EXTRACTED MATERIAL:
============

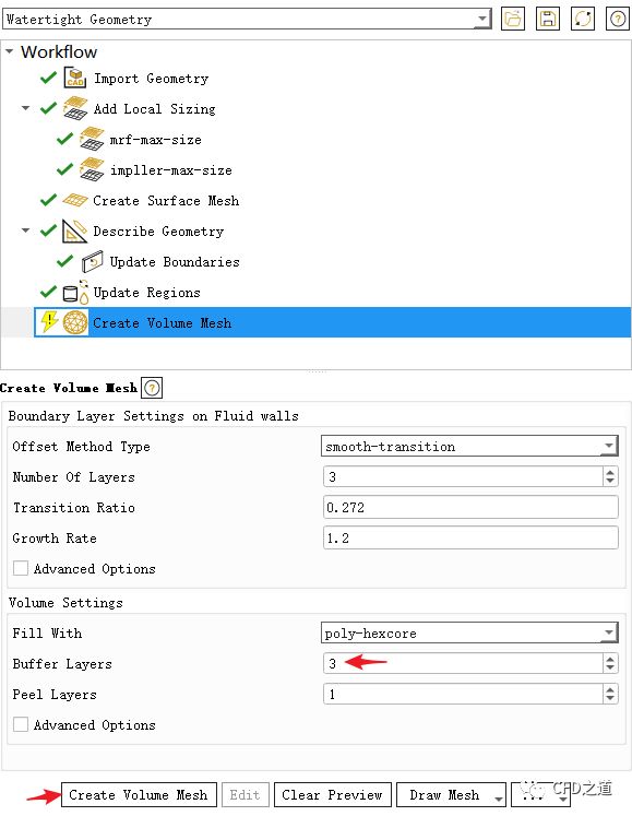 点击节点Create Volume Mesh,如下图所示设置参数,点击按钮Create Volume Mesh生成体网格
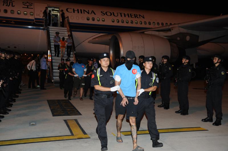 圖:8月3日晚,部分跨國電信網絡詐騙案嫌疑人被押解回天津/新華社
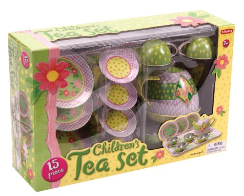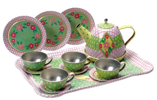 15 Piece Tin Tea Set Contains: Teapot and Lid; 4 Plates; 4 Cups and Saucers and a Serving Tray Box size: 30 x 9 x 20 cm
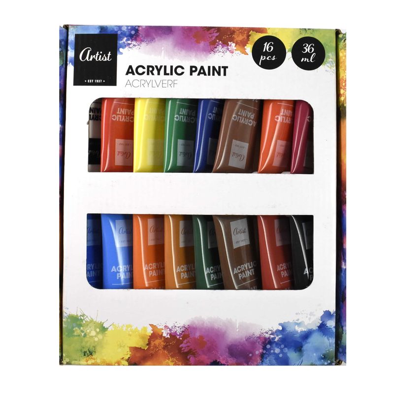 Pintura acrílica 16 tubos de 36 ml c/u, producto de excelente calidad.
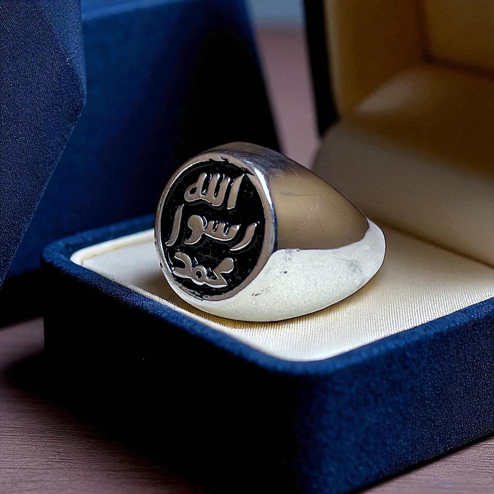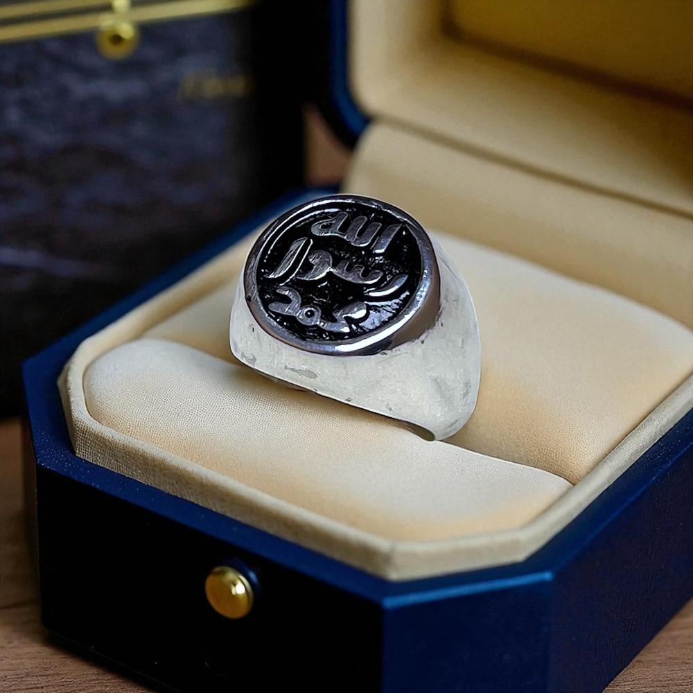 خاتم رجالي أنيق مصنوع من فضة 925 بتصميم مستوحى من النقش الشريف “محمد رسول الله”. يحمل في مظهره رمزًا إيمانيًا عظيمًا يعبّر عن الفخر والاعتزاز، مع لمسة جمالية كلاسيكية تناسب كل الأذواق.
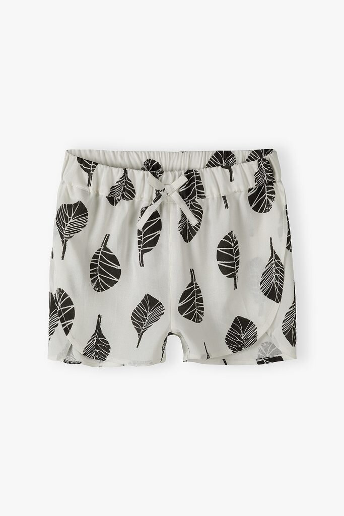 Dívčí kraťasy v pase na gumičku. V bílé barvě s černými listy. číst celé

============

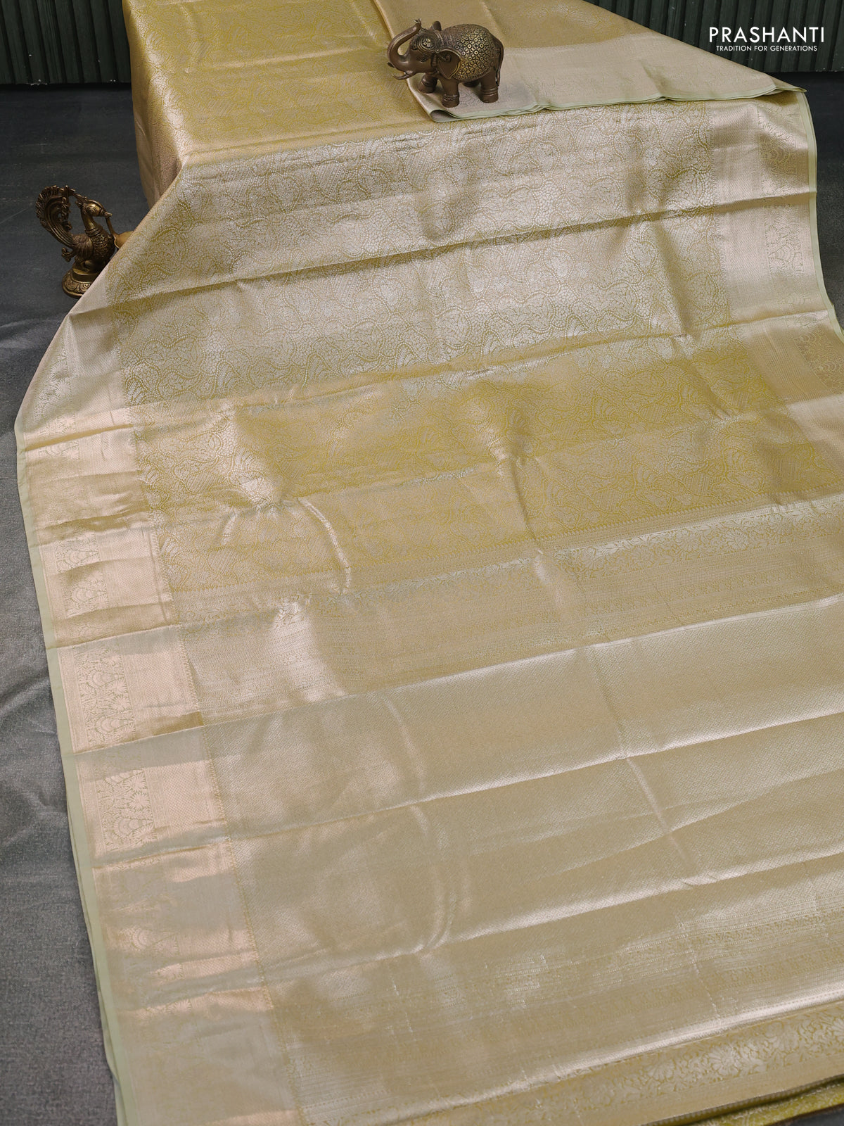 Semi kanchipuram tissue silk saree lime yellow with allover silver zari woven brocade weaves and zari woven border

============

EXERCISE INSTRUCTIONS:
Produce an exact reproduction of the listing above, limited to the lines starting at the line with "خاتم رجالي أنيق" and ending at the line with "Dívčí kraťasy v", both kept, with every picture left out.

RESULT FOR THIS EXERCISE:
 خاتم رجالي أنيق مصنوع من فضة 925 بتصميم مستوحى من النقش الشريف “محمد رسول الله”. يحمل في مظهره رمزًا إيمانيًا عظيمًا يعبّر عن الفخر والاعتزاز، مع لمسة جمالية كلاسيكية تناسب كل الأذواق.
 Dívčí kraťasy v pase na gumičku. V bílé barvě s černými listy. číst celé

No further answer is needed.